Patent No. 5785653 System and method for predicting internal condition of live body

 

Patent No. 5785653

System and method for predicting internal condition of live body (Kiyuna, et al., Jul 28, 1998)

Abstract

A live body internal condition predicting and expressing system is capable of predicting the internal condition of a live body on the basis of an electromagnetic field distribution at significantly reduced period. The system comprises an electromagnetic field distribution measuring portion, a training data generating portion generating a plurality of training data on the basis of an electromagnetic field distribution derived from a head model data designating a head model and a predetermined dipole parameter and an internal condition category data describing a relationship between the active region of a brain and the internal condition of the live body, an inference portion deriving a numeric value representative of the active region of the brain from the electromagnetic field distribution in the training data with employing a neural network having predetermined coupling coefficients representative of coupling condition between each unit forming each layer and transforming portion transforming the numeric value representative of the active region in the brain output from said inferencing means into an expression indicative of the internal condition of the live body.

Notes:

BACKGROUND OF THE INVENTION

1. Field of the Invention

The present invention relates generally to a system and method for predicting and expressing an internal condition of a live body on the basis of a distribution of electromagnetic fields on a scalp of the live body.

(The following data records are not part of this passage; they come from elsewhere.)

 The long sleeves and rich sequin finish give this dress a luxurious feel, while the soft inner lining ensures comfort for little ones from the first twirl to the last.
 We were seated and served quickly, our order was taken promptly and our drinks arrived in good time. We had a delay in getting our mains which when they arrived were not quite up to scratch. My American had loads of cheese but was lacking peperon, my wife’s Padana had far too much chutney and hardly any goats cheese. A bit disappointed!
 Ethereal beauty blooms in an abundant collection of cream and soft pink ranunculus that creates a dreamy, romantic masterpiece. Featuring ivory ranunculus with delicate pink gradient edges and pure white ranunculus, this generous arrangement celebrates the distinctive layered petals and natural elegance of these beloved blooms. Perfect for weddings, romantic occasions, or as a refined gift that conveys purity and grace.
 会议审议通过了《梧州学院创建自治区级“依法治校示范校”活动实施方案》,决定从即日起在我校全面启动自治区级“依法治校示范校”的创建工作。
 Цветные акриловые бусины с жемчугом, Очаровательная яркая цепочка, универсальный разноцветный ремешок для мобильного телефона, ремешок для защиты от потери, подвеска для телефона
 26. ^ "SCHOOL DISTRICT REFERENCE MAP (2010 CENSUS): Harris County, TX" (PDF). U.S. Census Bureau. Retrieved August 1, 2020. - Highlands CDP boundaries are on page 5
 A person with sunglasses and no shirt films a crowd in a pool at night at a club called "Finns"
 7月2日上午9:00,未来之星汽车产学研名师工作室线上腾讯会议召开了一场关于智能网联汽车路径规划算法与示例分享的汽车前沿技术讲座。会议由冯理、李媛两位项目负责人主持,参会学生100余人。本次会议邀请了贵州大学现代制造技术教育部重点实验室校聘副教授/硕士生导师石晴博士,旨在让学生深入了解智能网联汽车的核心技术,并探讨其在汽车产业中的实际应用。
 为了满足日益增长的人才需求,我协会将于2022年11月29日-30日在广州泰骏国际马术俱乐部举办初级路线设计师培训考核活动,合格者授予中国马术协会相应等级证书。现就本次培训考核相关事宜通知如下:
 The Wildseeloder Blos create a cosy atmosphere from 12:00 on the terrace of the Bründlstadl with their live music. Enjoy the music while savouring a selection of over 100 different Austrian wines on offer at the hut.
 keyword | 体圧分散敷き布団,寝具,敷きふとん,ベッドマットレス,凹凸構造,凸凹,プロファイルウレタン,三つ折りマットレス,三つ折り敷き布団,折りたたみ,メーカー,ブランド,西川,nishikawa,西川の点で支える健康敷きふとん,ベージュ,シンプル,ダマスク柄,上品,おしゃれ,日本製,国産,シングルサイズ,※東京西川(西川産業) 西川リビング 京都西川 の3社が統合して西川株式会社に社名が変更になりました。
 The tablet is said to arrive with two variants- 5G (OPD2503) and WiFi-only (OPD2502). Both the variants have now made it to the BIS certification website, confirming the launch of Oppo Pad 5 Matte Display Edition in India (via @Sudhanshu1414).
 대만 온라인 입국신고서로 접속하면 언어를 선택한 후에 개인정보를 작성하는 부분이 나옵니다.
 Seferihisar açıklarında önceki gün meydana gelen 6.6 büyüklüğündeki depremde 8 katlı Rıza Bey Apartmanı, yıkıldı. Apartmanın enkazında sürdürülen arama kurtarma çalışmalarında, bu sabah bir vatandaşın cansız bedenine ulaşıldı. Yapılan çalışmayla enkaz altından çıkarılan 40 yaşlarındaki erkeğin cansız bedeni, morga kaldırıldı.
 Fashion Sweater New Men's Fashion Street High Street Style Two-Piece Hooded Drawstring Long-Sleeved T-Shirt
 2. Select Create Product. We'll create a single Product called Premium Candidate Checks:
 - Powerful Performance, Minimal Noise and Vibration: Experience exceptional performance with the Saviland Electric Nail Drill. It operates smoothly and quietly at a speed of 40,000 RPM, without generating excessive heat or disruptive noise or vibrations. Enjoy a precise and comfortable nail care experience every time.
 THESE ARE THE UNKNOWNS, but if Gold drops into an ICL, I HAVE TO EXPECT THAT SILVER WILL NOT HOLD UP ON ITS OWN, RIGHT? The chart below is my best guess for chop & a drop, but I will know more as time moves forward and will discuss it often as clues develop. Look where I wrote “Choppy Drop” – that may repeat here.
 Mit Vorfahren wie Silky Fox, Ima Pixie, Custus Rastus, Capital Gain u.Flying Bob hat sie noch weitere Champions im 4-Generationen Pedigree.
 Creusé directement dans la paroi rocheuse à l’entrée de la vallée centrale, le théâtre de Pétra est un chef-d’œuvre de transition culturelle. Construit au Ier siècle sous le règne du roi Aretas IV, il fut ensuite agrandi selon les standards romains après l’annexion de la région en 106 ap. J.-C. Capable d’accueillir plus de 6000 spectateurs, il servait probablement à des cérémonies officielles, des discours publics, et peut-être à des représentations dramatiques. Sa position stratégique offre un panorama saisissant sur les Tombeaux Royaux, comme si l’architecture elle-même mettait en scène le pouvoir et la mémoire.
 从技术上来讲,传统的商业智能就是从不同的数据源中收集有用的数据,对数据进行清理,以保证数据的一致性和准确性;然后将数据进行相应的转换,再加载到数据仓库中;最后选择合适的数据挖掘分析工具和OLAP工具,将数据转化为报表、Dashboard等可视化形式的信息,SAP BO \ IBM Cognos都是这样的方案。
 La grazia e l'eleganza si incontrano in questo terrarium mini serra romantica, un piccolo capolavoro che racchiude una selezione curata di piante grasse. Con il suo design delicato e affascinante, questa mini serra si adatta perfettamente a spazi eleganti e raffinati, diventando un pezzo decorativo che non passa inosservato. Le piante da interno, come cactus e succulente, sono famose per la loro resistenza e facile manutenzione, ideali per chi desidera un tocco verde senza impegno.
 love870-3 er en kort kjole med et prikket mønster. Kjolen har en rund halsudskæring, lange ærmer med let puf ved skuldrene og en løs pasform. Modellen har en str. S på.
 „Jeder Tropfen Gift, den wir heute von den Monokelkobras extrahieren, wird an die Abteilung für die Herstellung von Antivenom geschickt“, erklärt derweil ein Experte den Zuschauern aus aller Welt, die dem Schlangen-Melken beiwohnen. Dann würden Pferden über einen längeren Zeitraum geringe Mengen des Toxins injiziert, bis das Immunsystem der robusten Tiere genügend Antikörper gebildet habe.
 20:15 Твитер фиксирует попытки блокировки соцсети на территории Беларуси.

2. Description of the Related Art

Conventionally, a system for predicting an internal condition of a live body as illustrated in FIG. 16 has been employed for predicting a word to be spoken by a testee. Such system has been disclosed in Japanese Unexamined Patent Publication (Kokai) No. Heisei 2-232783, for example.

In FIG. 16, 91 denotes a plurality of electrodes, 92 denotes an electroencephalograph, 93 denotes a brain wave topographic pattern generator device, 94 denotes a neural network, 95 denotes a syllable data teaching portion, 96 denotes a syllable presenting portion, 97 denotes a control portion controlling respective components, 98 denotes a voice detector devices and 99 a pre-input processing devise.

In such a live body internal condition predicting system, at first, a certain syllable is spoken by the testee. At this time, a potential distribution of brain wave, i.e. the brain wave topographic pattern, is measured by the topographic pattern generator device 93 via the electrodes 91 and the electroencephalograph 92. By repeating the foregoing measurement sequence for a plurality of times, a plurality of training data is generated.

Employing the training data thus generated, a neural network, i.e. neural network 94 in the shown example, learns a relationship between the syllable thought in the brain of the testee, which is input by the syllable data teaching portion 95, and the potential distribution on the scalp. After completion of learning, the measured potential distribution of the brain wave is input to the neural network 94. Thus, it becomes possible to recognize the intended syllable of the testee without requiring the testee to speak. In the conventional method, the waveform of the brain wave is used as the input data. However, it is inherent to detect noise together with syllable pattern due to background brain wave, thermal noise of the measuring equipment, and so forth. Therefore, a long period has heretofore been required in preparatory processing for removing such noise. As a means for removing the noise, it is typical to perform filtering by fast Fourier transformation (FFT) for the measured brain wave data and thereby to remove frequencies other than the signal to be a subject for analysis.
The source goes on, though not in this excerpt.